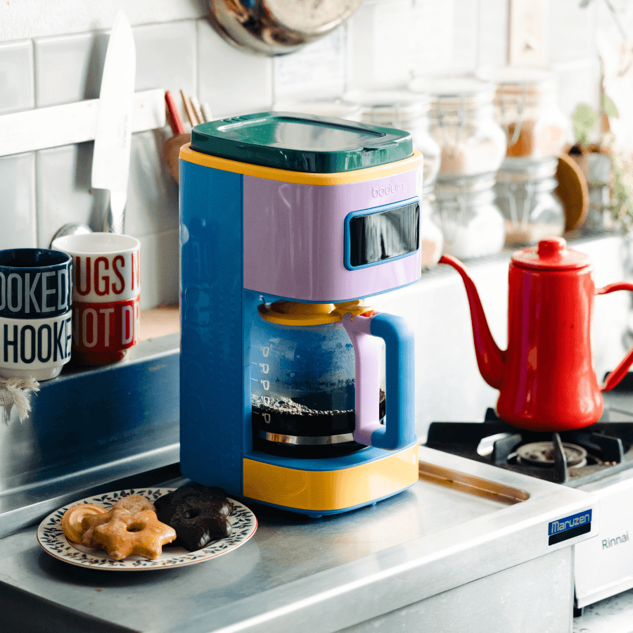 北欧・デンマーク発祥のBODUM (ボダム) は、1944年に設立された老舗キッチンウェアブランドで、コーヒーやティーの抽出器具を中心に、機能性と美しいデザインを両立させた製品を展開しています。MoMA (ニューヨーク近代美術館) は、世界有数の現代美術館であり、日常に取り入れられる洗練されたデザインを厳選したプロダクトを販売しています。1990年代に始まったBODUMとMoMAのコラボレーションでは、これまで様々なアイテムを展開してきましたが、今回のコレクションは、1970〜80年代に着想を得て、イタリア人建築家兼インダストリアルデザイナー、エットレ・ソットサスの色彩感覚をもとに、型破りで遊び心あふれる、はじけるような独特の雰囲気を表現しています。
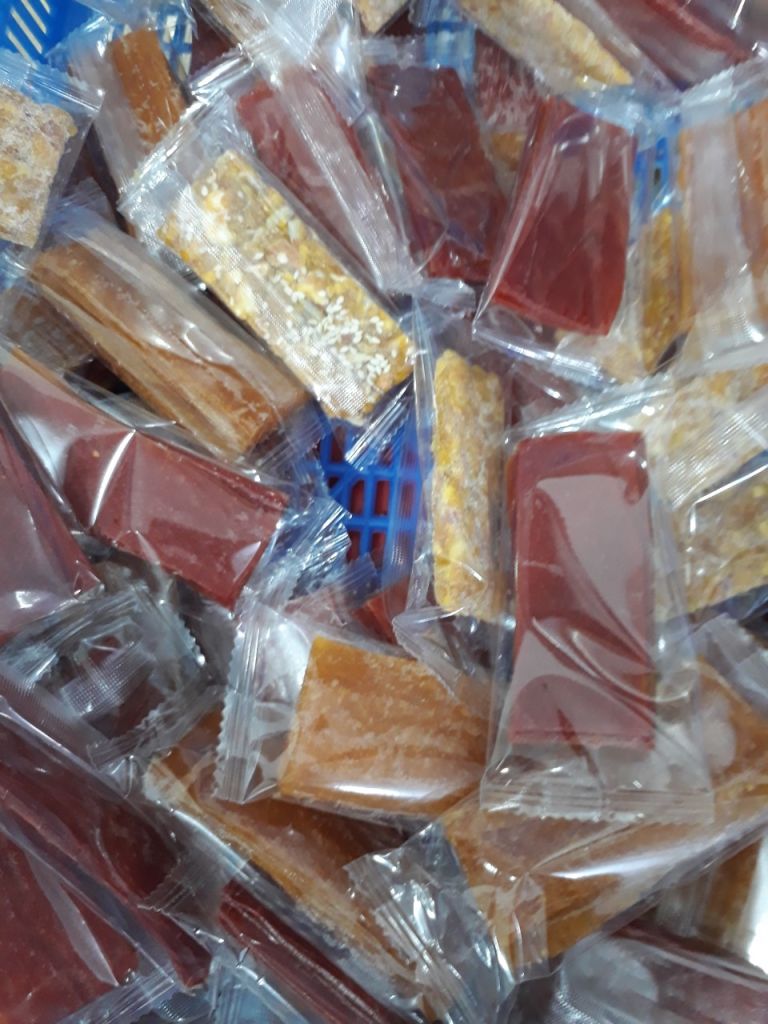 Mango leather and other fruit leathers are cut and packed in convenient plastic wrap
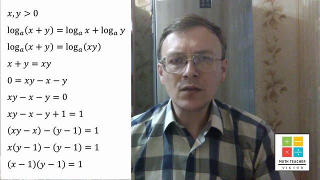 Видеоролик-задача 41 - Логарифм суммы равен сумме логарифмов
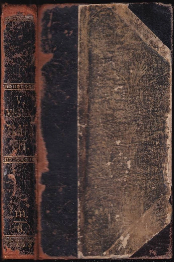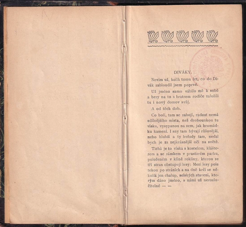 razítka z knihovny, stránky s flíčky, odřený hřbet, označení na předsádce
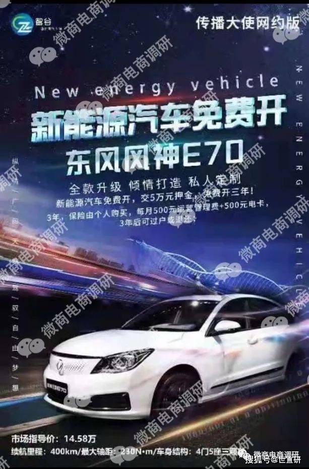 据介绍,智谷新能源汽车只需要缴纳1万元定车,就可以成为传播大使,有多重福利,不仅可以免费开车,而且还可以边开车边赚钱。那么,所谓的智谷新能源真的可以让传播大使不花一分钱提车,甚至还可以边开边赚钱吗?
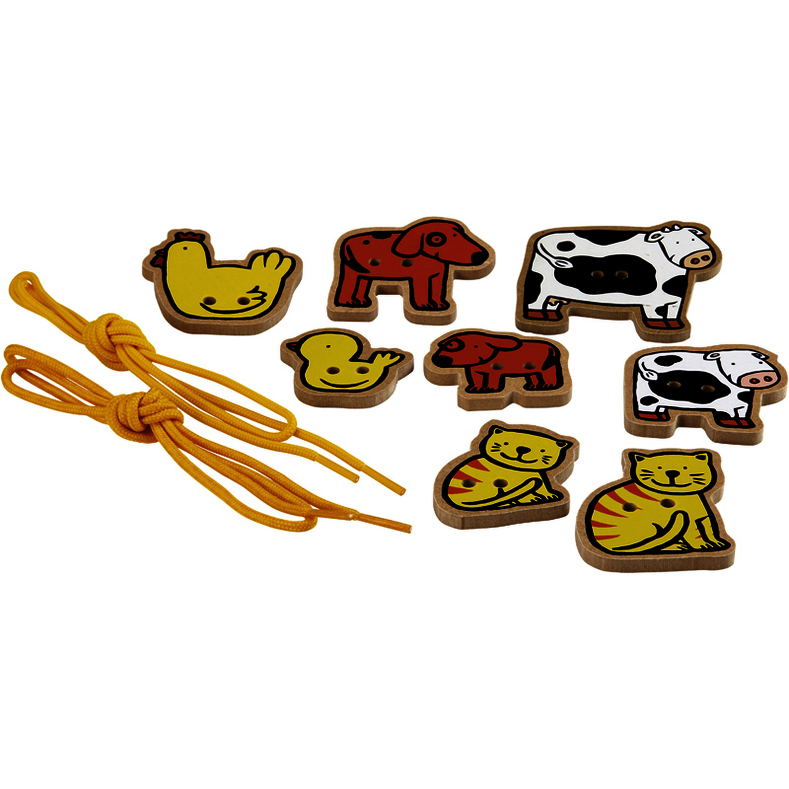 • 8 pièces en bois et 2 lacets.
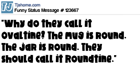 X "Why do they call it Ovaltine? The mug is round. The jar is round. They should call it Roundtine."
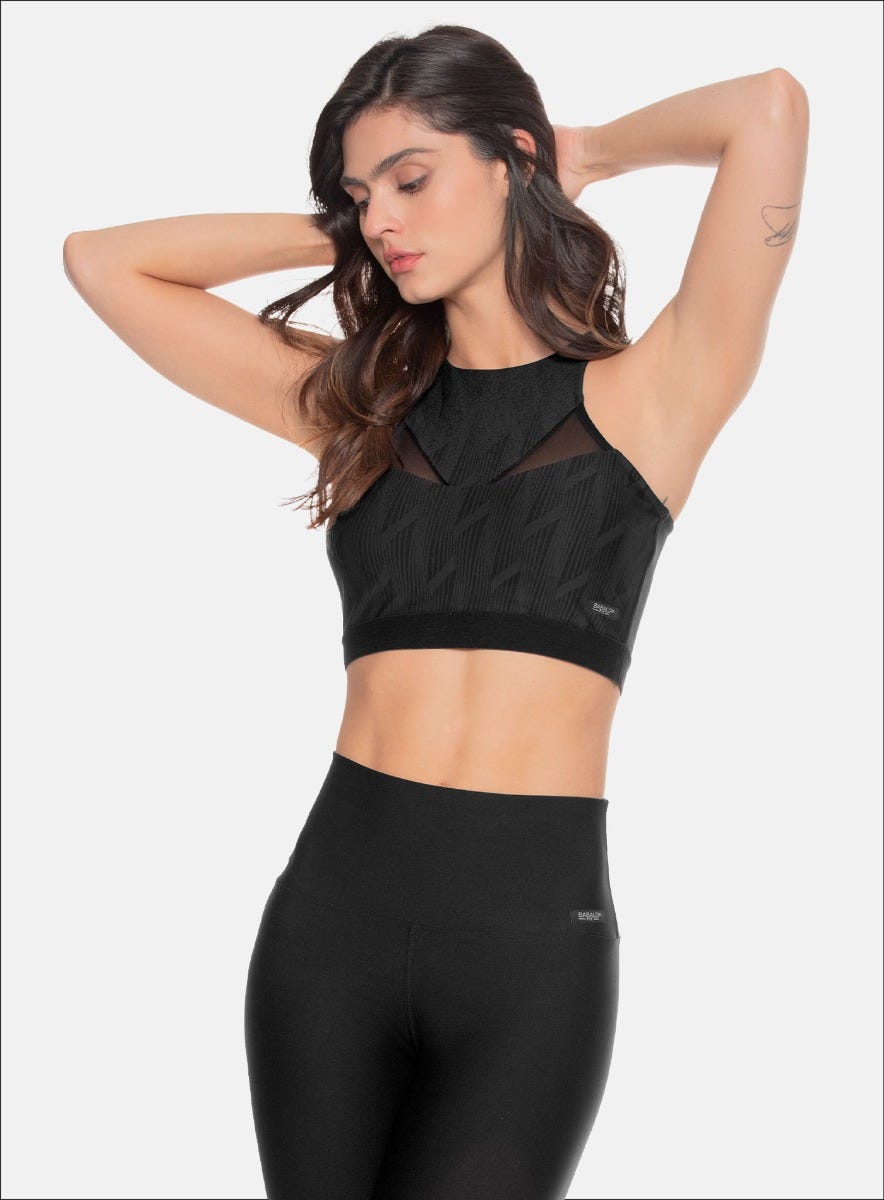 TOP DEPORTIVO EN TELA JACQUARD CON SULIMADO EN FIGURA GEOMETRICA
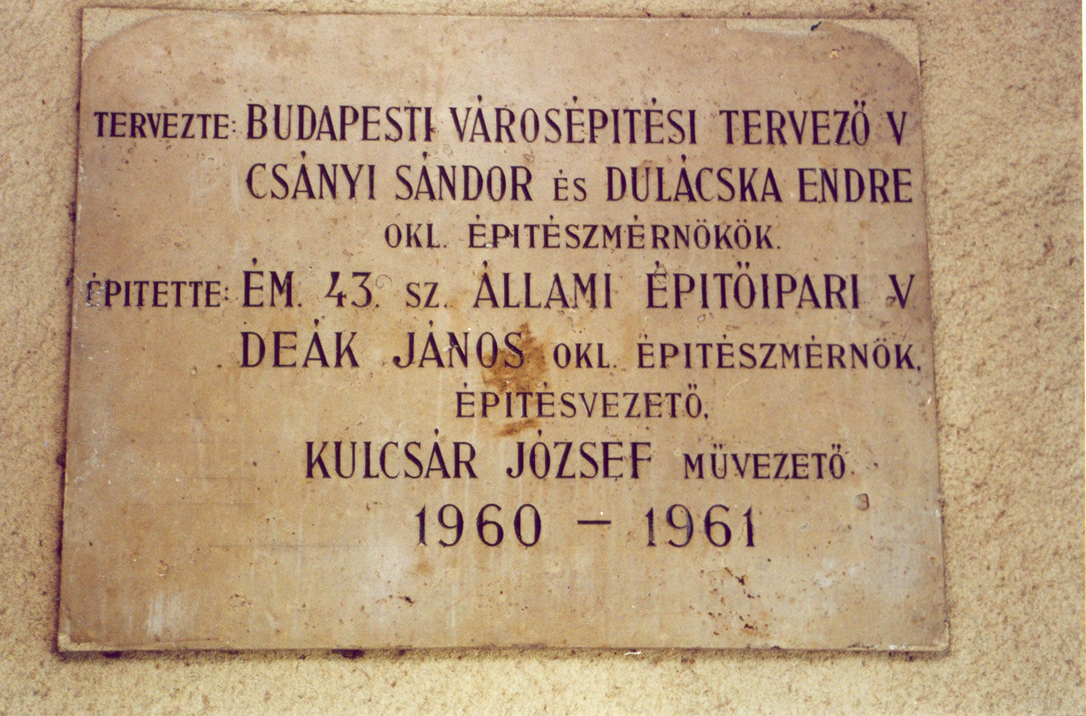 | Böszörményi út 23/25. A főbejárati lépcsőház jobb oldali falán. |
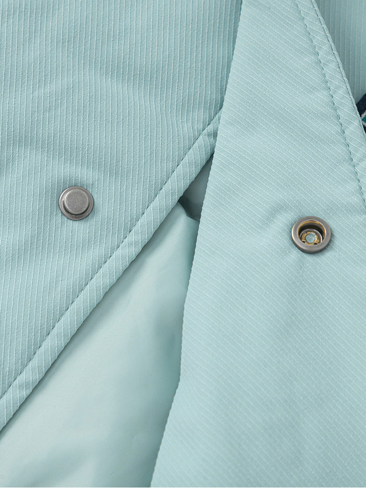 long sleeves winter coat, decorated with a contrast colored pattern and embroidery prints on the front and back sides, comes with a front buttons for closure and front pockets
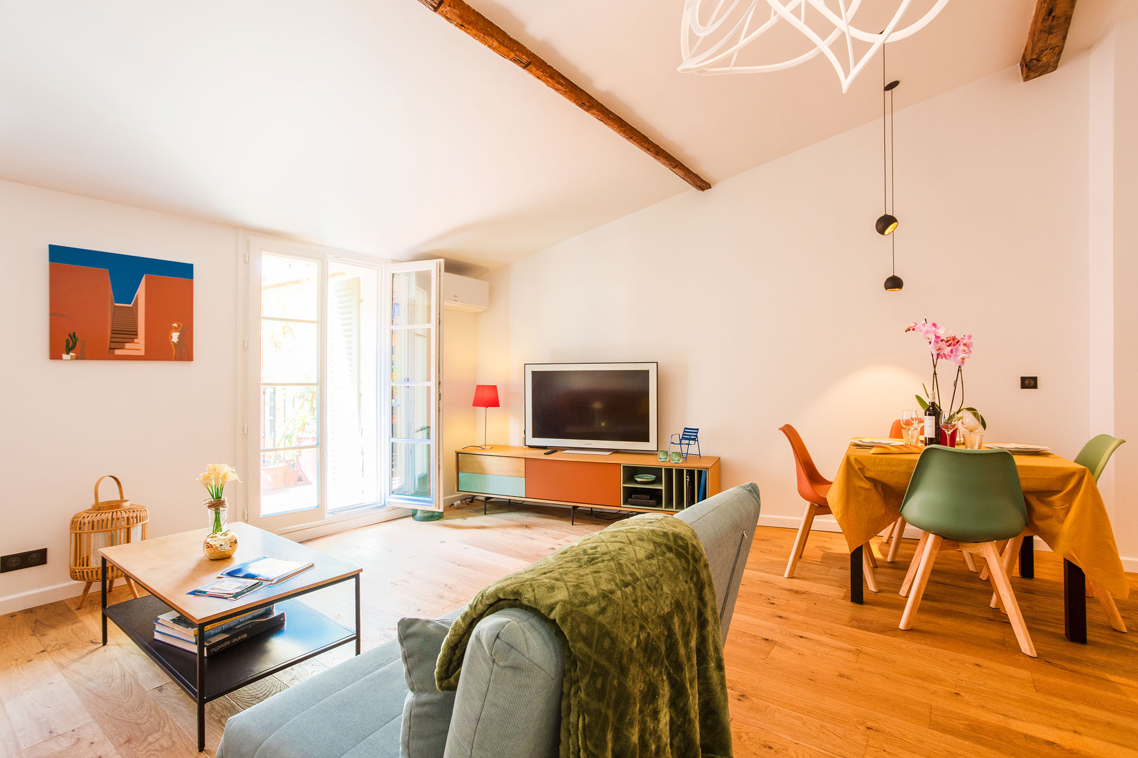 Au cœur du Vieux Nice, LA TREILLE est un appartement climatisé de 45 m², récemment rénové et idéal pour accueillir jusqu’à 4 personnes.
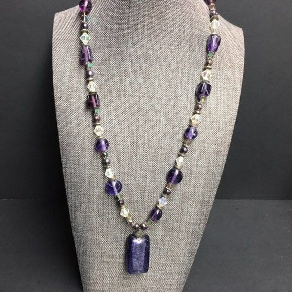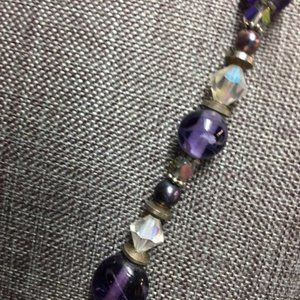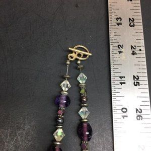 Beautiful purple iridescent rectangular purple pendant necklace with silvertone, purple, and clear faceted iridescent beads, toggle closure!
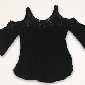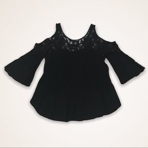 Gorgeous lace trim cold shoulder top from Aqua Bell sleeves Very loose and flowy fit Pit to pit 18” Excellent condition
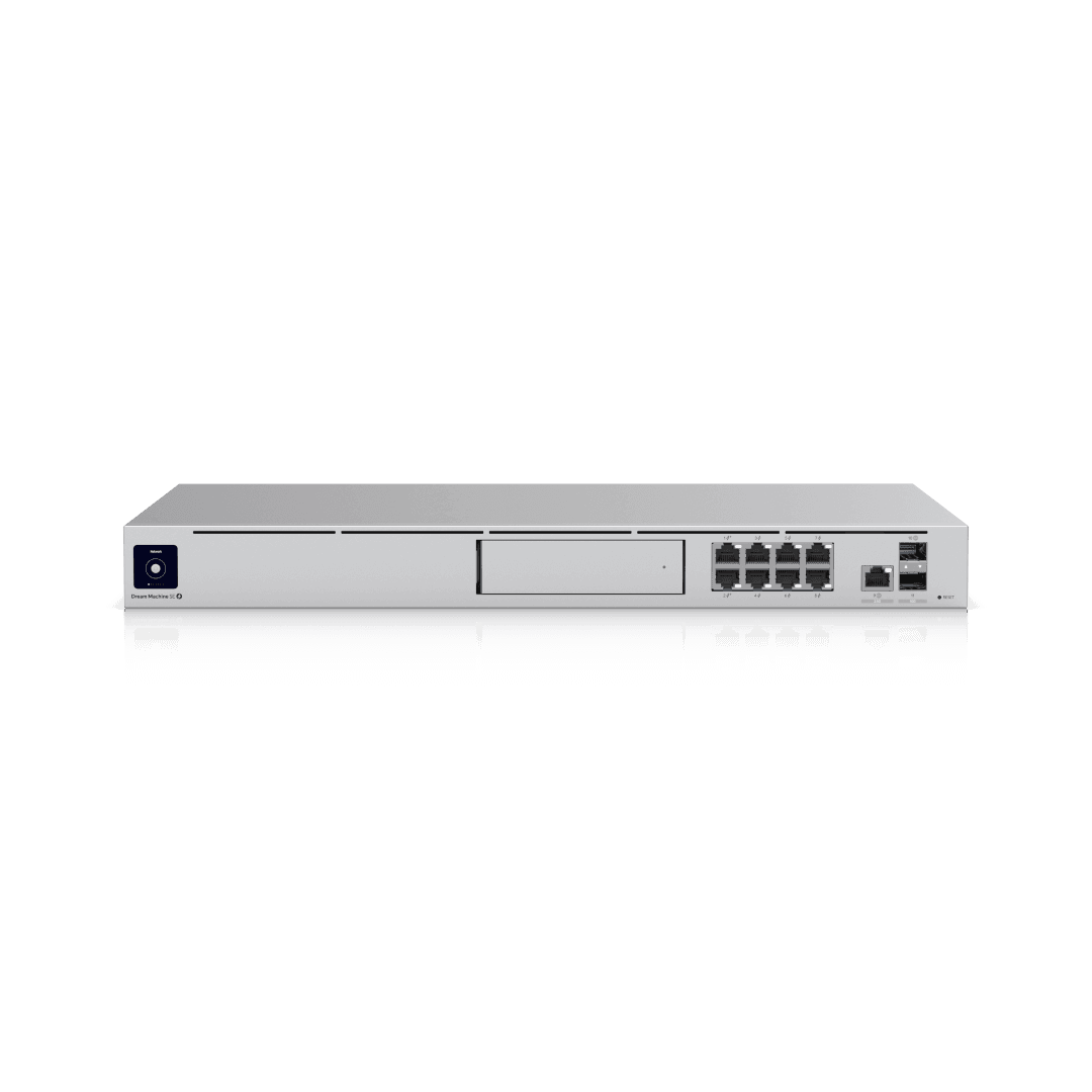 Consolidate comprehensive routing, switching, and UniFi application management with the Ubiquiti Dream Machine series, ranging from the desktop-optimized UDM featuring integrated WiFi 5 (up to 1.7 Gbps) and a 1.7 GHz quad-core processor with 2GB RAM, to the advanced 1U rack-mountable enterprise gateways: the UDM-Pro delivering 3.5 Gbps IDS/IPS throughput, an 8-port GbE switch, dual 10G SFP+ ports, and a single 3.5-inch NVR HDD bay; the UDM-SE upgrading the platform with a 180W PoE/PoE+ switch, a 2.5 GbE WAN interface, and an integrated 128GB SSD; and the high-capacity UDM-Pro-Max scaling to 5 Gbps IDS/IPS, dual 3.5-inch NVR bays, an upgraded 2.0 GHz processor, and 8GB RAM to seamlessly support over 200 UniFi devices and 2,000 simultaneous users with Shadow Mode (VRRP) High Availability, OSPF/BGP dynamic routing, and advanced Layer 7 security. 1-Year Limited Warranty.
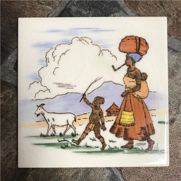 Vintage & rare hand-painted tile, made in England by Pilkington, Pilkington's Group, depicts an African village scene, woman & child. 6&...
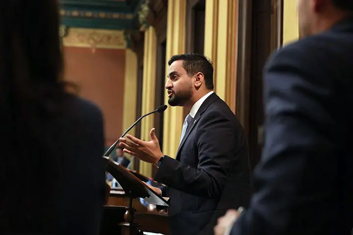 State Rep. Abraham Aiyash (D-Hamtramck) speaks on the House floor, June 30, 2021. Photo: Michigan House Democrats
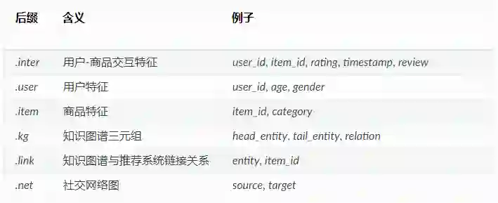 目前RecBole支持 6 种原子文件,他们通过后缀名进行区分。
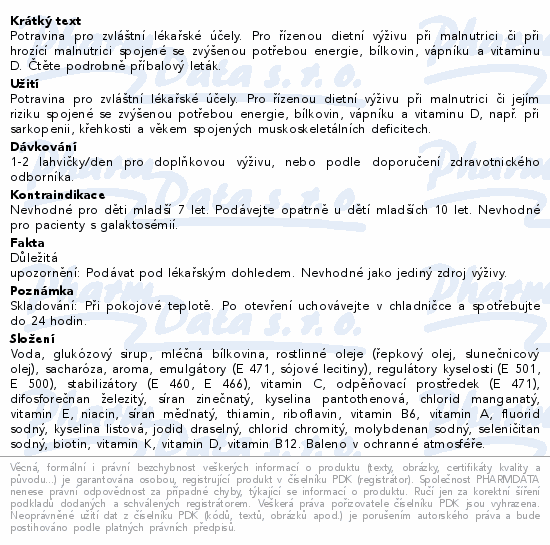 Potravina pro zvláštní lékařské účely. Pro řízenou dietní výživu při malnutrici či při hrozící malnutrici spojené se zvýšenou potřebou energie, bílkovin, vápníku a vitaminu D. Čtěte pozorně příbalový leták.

:::::

Exactly restate the lines from the beginning of the data through the line with "razítka z knihovny, stránky", and no others, keeping pictures out.

● **FINAL ANSWER**:
 北欧・デンマーク発祥のBODUM (ボダム) は、1944年に設立された老舗キッチンウェアブランドで、コーヒーやティーの抽出器具を中心に、機能性と美しいデザインを両立させた製品を展開しています。MoMA (ニューヨーク近代美術館) は、世界有数の現代美術館であり、日常に取り入れられる洗練されたデザインを厳選したプロダクトを販売しています。1990年代に始まったBODUMとMoMAのコラボレーションでは、これまで様々なアイテムを展開してきましたが、今回のコレクションは、1970〜80年代に着想を得て、イタリア人建築家兼インダストリアルデザイナー、エットレ・ソットサスの色彩感覚をもとに、型破りで遊び心あふれる、はじけるような独特の雰囲気を表現しています。
 Mango leather and other fruit leathers are cut and packed in convenient plastic wrap
 Видеоролик-задача 41 - Логарифм суммы равен сумме логарифмов
 razítka z knihovny, stránky s flíčky, odřený hřbet, označení na předsádce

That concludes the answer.